The only issue related with Permission API is this one and so far we don't have other discussion related with that. The purpose of the autoplay policy detection is to provide an abstract layer no matter what kind of blocking autoplay mechanism is implemented by user agent, which should be helpful to address the pain point of not knowing whether those internal status affects autoplay or not.
HTML spec already has defined poster on the video element, which is used to display an image when video is not able to play. In addition, in last TPAC, Safari expressed their interest in this spec as well. At the time I was presenting this spec, no chrome and edge guys were there so I couldn't know their position. But one of the spec reviewers is from Chrome, at least he didn't express negative or objection during the review process. |
@alastor0325 Specifically, why is there a separate allowed-muted value and not just allowed and disallowed? The media element should have been told if it is audible already, and whether the user would play the media with sound, or play it muted, is not a concern for a web page. And if the user wants to save bandwidth by requesting an inaudible stream only, there should be a dedicated API for doing so. The autoplay policy API seems (for me) to be a wrong solution to the problem. Detecting whether a media can autoplay ahead of time has merits, but I would wish a browser that, for privacy reasons, not tell too specifically about whether a media can autoplay muted. In other words, just return allowed or disallowed. In case a web page trying to guess if the policy is allowed-muted, the browser may pretend it's not (but autoplay everything muted to the user anyway; in other words, lie on the policy details). |
Yes, this issue is for discussing the fingerprinting possibility, feel free to leave your suggestion there as well. Only providing |
@alastor0325 Unfortunately in the issue you referenced, you only discussed about the
it seems to me like a wrong tool for the job (the web browser can play the audible media muted, without any additional work of web developers). And for the use case of livestream media where this autoplay API might benefit, as I mentioned in a previous comment, it would be better to just have the browser request a "no-audio" stream (as a dedicated request API), similar to how a video resolution change request can be done, and there would be no need to expose the client side setting (the autoplay policy) right away. |
I don't think that is strictly true. |
Sorry I don't agree this. Currently it did require extra work to allow muted media to autoplay depending on what kind of blocking autoplay mechanism a user agent is using.

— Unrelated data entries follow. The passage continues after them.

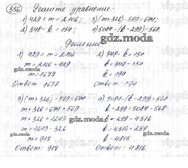 ОТВЕТ на задание № 356 Учебник по Математике 5 класс Мерзляк Алгоритм успеха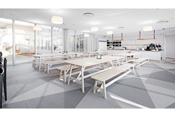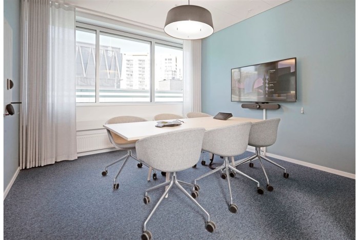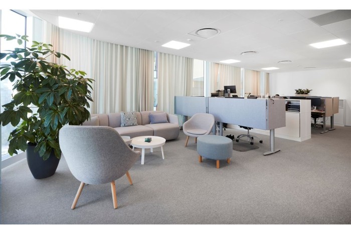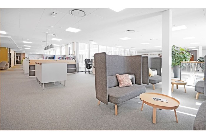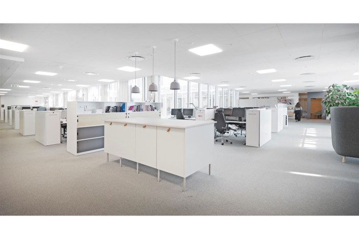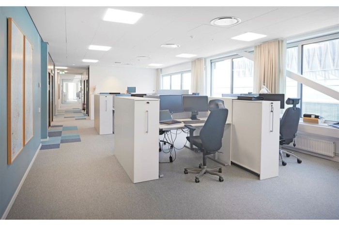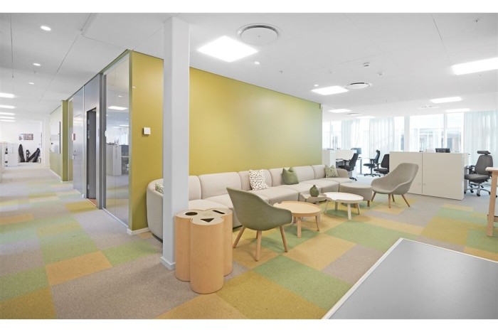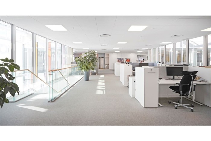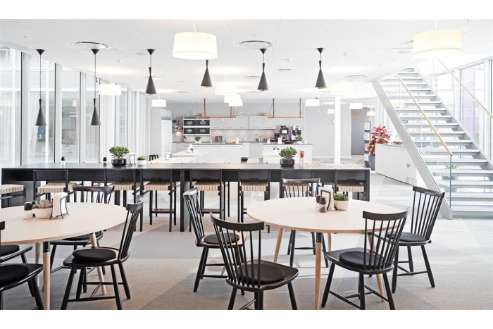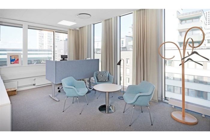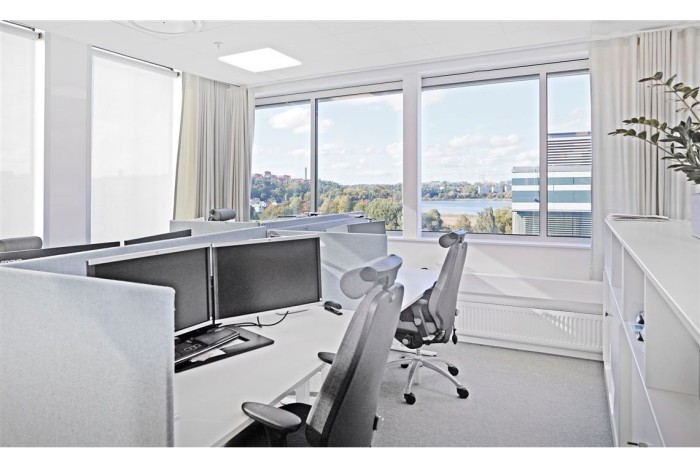 Denna kontorslokal har fönster från golv till tak och ljusa, fräscha ytskikt. Vy över pulserande Evenemangsgatan på ena sidan och grönskande Råstasjön på andra. Gott om sällskapsytor ger möjlighet för anställda att umgås.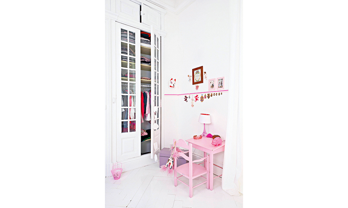 Pur conservando tutte le caratteristiche dell’appartamento in stile Haussmann, Sandrine e Hervé hanno giocato con grande libertà: troverete, in questa casa speciale, idee décor che sembrano installazioni d’arte, dalle lampade ricavate da caraffe di cristallo, alle console barocche, fino alle strisce di colore adesive o dipinte...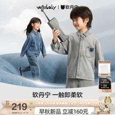 嘟嘟家男童衬衫软牛仔儿童外套秋装宝宝长袖上衣女童秋冬加绒衬衣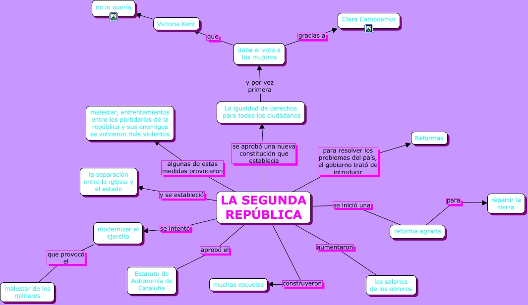 Este Cmap, tiene información relacionada con: La segunda república Rafa, Victoria Kent ???? no lo quería, LA SEGUNDA REPÚBLICA aprobó el Estatuto de Autonomía de Cataluña, daba el voto a las mujeres que Victoria Kent, daba el voto a las mujeres gracias a Clara Campoamor, LA SEGUNDA REPÚBLICA aumentaron los salarios de los obreros, LA SEGUNDA REPÚBLICA construyeron muchas escuelas, LA SEGUNDA REPÚBLICA se inició una reforma agraria, reforma agraria para repartir la tierra, LA SEGUNDA REPÚBLICA para resolver los problemas del país, el gobierno trató de introducir Reformas, LA SEGUNDA REPÚBLICA algunas de estas medidas provocaron malestar, enfrentamientos entre los partidarios de la república y sus enemigos se volvieron más violentos, La igualdad de derechos para todos los ciudadanos y por vez primera daba el voto a las mujeres, modernizar el ejercito que provocó el malestar de los militares, LA SEGUNDA REPÚBLICA se aprobó una nueva constitución que establecía La igualdad de derechos para todos los ciudadanos, LA SEGUNDA REPÚBLICA se intentó modernizar el ejercito, LA SEGUNDA REPÚBLICA y se estableció la separación entre la iglesia y el estado

I don't think browser should do any request to server, this is completely different from the scenario of changing the video resolution. Those are all website's implementation, not API level design.
I don't understand your point. Handling rejected promise is independent with this API and why we need to put them together to discuss? In addition, another benefit of this API is also allowing website to understand if they can play autoplay media before they actually create a real instance, which was a request we received from web developers during the spawning process of this API. |
In addition, for finger printing discussion, feel free to discuss that in the spec issue or this Firefox issue. Thanks. |
We should still record our position and add a dashboard entry. |
Proposed position: positive |
Tagged. I initially had concerns about the API being synchronous, but it seems like information like that needs to be available synchronously anyway. I think that we can avoid a dashboard entry for this. Though it is a spec in its own right, it's a trivial one. |
Request for Mozilla Position on an Emerging Web Specification
Other information
This is a new API which allows websites to detect whether they are allowed to play autoplay media. We would like to be the first browser starting implementing this. We already have a similar experimental feature before.